A1. In France They Kiss on Main Street (3:17)
A2. The Jungle Line (4:20)
A3. Edith and the Kingpin (3:35)
A4. Don’t Interrupt the Sorrow (4:04)
A5. Shades of Scarlett Conquering (4:57)
B1. The Hissing of Summer Lawns (John Guerin/Joni Mitchell) (3:00)
B2. The Boho Dance (3:56)
B3. Harry’s House/Centerpiece (“Centerpiece” by Johnny Mandel/Jon Hendricks) (6:52)
B4. Sweet Bird (4:10)
B5. Shadows and Light (4:15)

All songs written by Joni Mitchell unless noted.

The Players

Joni Mitchell (vocals, acoustic guitar, piano, Moog, keyboards, ARP-Farsifa), Max Bennett (bass), John Guerin (drums, arrangement, Moog) with Jeff Baxter (electric guitar on A1), Larry Carlton (electric guitar), David Crosby (background voices on A1), Victor Feldman (electric piano, vibes, congas, keyboard, percussion), Wilton Felder (bass), Chuck Findley (horn, trumpet, flugle horn), Robben Ford (electric guitar, dobro, guitar), Graham Nash (background voices on A1), Dale Oehler (string arrangement on A5), Joe Sample (electric piano on A3, keyboards on B3), Bud Shank (sax, flute, bass flute), James Taylor (background voices on A1, guitar on B1), Warrior drums of Burundi (drums and voices on A2). Engineered by Henry Lewy; mixed by Henry Lewy and Joni Mitchell. Produced by Joni Mitchell and Henry Lewy.

The Pictures

Cover illustration and package design by Joni Mitchell. Art direction by Glen Christensen.
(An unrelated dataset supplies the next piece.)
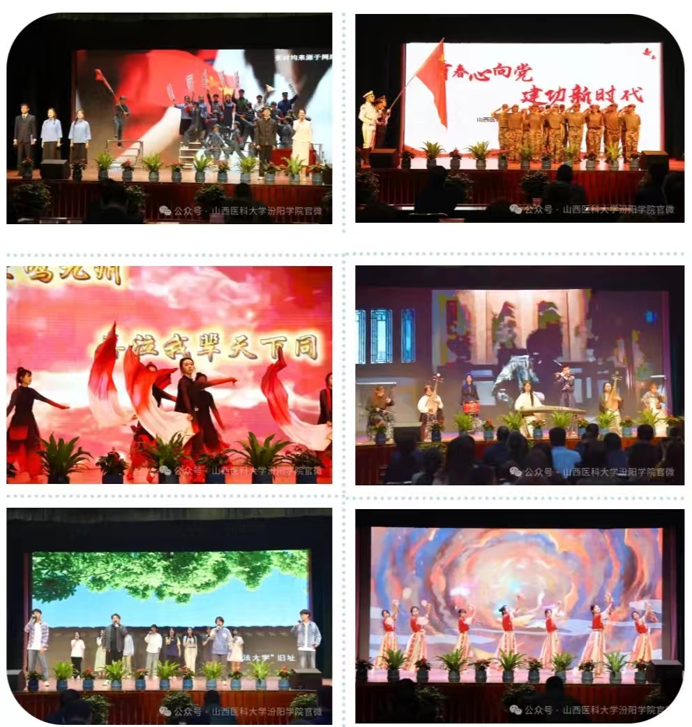 广大青年学子以饱满的热情共迎自己的节日,进行了精彩纷呈的文艺汇演。同学们表演了开场舞《少年》、歌曲《追梦赤子心》、舞蹈《九州同》、民乐合奏《霍元甲》、朗诵《奋斗》、古风舞蹈《水龙吟》《声声慢》、团体舞《光荣使命》、情景剧《破晓》、民族舞《牵丝戏》《上铃鼓》《太极》、集体舞《我的未来式》,表达了汾院青年的爱国情怀、文化自信和责任担当。

Photography by Norman Seeff.

The Plastic

Released on elpee, quadraphonic elpee, cassette and quadraphonic 8-track in November 1975* in Canada (Asylum, 7ES-1051), the US (Asylum, 7E/EQ/8Q-1051), the UK (SYLA/TCSYLA-8763), Germany (Asylum, K 53 018), Italy (Asylum, W 53018) and Japan (Asylum, P-10087Y) with gatefold cover; reached #14 on the UK charts and #4 on the US charts (RIAA-certified gold record). (First referenced in 11/15/18 issue of Billboard.)

  1. Re-issued on cassette in the 1980s in the UK (Asylum, K.453018) and Germany (453 018).
  2. Re-issued on compact disc in 1987 in Germany (Asylum, 253 018).
  3. Re-issued on compact disc in 1991 in Germany (Asylum, 60332-2).
  4. Re-issued on compact disc in 1998 in Japan (Asylum, AMCY-3160).